Wednesday, March 26, 2008

The Pearl of Beaches and Wilco. Mudge to Come

The sign says: Roy Lamb the Sand Man and I know we're almost there. In years to come I will remember it as the sign on the way to good times. PJ says: my middle name was excess. I've arrived. Have a glass of champagne and contemplate the sea. In the morning we've met the object of affection and sat in the park appreciating good chutney.

I've read short good books. The Girls of Slender Means: good and slight and savage. Amsterdam. LT says I remind her of the dead woman in Amsterdam who somehow puts herself together out of the chaos each day and I'm flattered. Apparently, in L.A. they talk about being present and I understand how hard it can be.

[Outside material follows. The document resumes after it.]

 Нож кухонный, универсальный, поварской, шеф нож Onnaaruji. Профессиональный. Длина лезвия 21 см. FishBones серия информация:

Roy Lamb the Sand Man. The bikini tree on the way to Singleton. These things that mark our inept life. Even if time is a flicker of light and we all have to die alone.

I talk about my boring day and then realise that in the past seventy-two hours I have:
- been with some of my best friends at Pearl Beach stepping from the deck onto the sand
- sat in on a rehearsal of The Year of Magical Thinking that prompted me to cry and resolve to call my mother more often
- witnessed Sylvie Guillem chastising Akram Khan from the third row. Later Rob tells me that he feels privileged to have lived in a time that allowed him to witness Sylvie. I feel such a brat.
- loved Wilco at the Enmore and been so moved to think that what paltry estate I might have at the end of my life should be left to them. The Enmore, not Wilco.

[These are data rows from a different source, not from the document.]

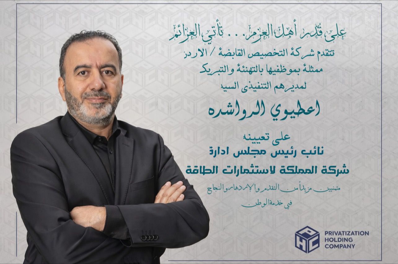 على قدر أهل العزم... تأتي العزائم تتقدم شركة التخصيص القابضة / الأردن ممثلة بموظفيها بالتهنئة والتبريك لمديرهم التنفيذ...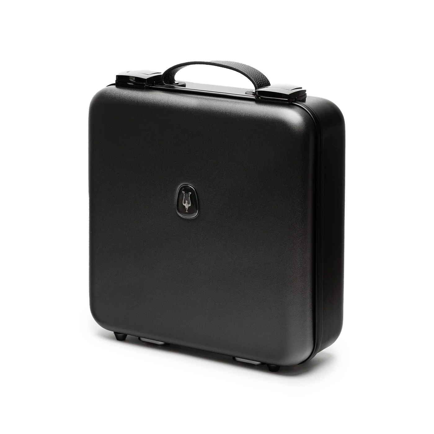 The Meze Audio suitcase is a standard suitcase made of high-strength ABS plastic with foam inserts and a leather handle, featuring a metallic Meze Audio logo. This suitcase is perfect for safely storing or transporting your headphones.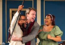 Jim Adams as Monty opens the show, explains terms and issues to the audience, and serves as a kind of trusted master of ceremony. The cast periodically breaks the fourth wall to provide clarification and bring the audience into the action. In the capable hands of Nunzio (who also designed sound and lighting), this technique defines particulars and works beautifully — the lighting dims into a shadowed blue, characters take stances, at one point even using music stands facing all three sides of the audience. This staging device keeps everyone engaged and aware while characters and partnerships are introduced like we’re all friends nestled on couches in their living room.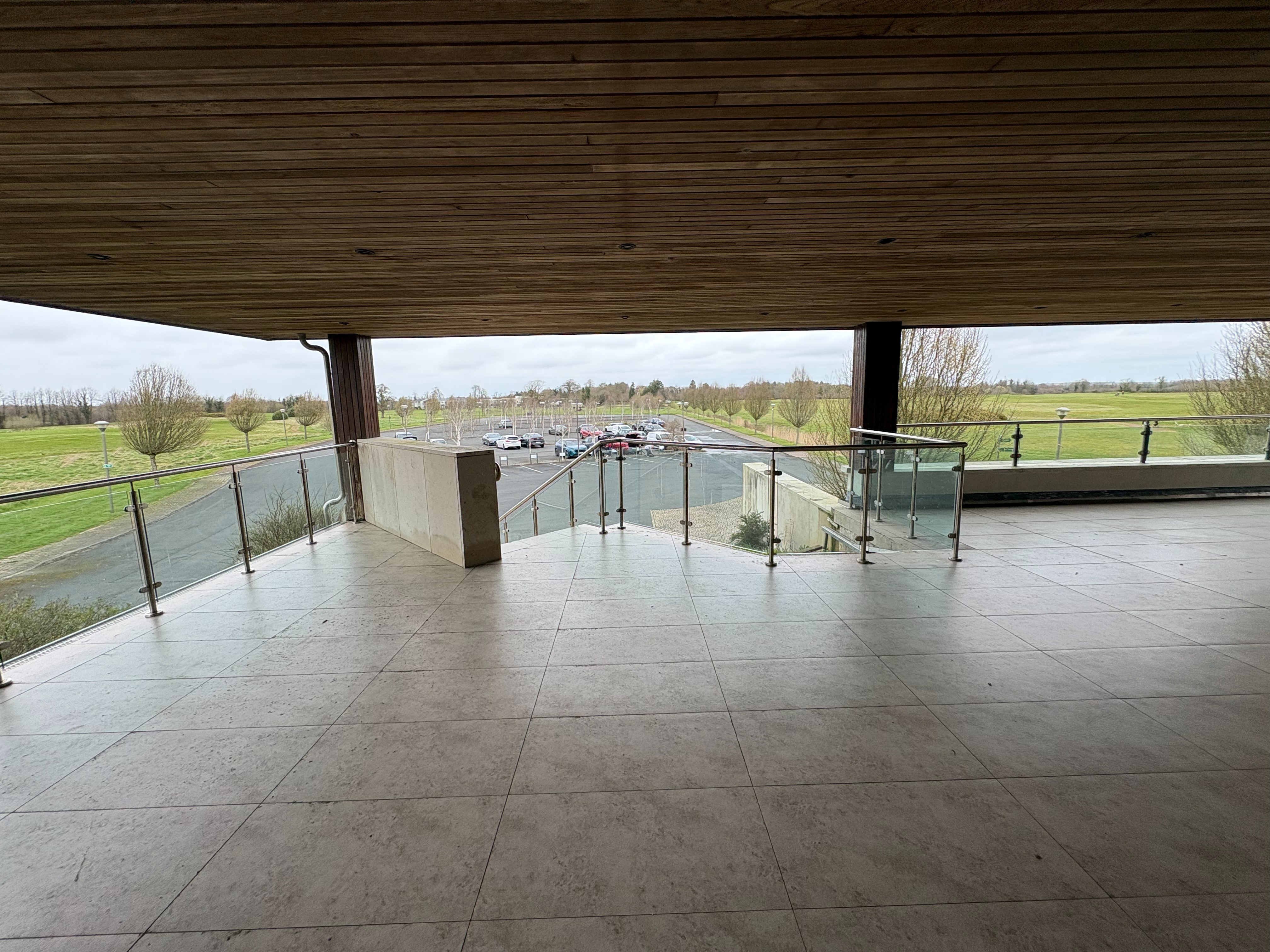 external spa terrace of with loungers and fire pit and planting boxes with timber panelled screen to external perimeter with background maintained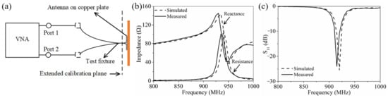 Antenna performance measurements: (a) schematic diagram; simulated and measured (b) complex impedance and (c) reflection coefficient of the antenna with optimized parameters.

And then bookclub. How to discuss super contemporary alienation when we know that community is what we aim for. Community is what we aim for, yes?

Saturday, March 15, 2008

It starts with a beginning.

McEwen says: "It began with a sentence where I say they were young, educated and sexually innocent and they lived in a time when it was difficult to talk about sexual problems, and I thought well, who are they? When was this time? I just doodled my way into a first sentence, and by writing the first half of the first chapter, I unfolded ahead of me, like a carpet unrolling a short novel." A first sentence, and then I wondered who they were. Doesn't everyone wonder constantly who these people are around us?

Auster concurs. He doesn't know where they're going. Mr Bones? He seems to live with a neurotic hypochondriac. Perhaps that explains dog as protagonist.

On Tuesday for once in Shakespeare I knew. Knew that Egeus was meant to be Indian, that this first scene, this hysteria about an arranged marriage sits well in an Indian context.

A text from Noonie says the moon is a particularly silvery kind of silver tonight but I don't see it, at least not low enough in the sky.

Later in the week we're trying The Ivy and I'm trying not to like it.

Ray says he wanted to do the presentation to his team in interpretive dance because earlier he'd been at the offices of Google when they were trying to talk about You Tube and the video didn't work. How we laughed and felt superior. How genuine it must feel to communicate via interpretive dance.

There's a man wanderig around The Ivy. He looks as if I could run into him in the bookies area at Newcastle Racecourse and I wonder if Justin Hemmes is that smart, to place, to employ someone so original. I decide not. I decide that I want to talk to this curiosity but the bridge and tunnel crowd seem to have him sewn up.

Either way you caught me whilst a lying. Two dinners of fine cheese.

Shakespeare and opera. Reconsidered this week.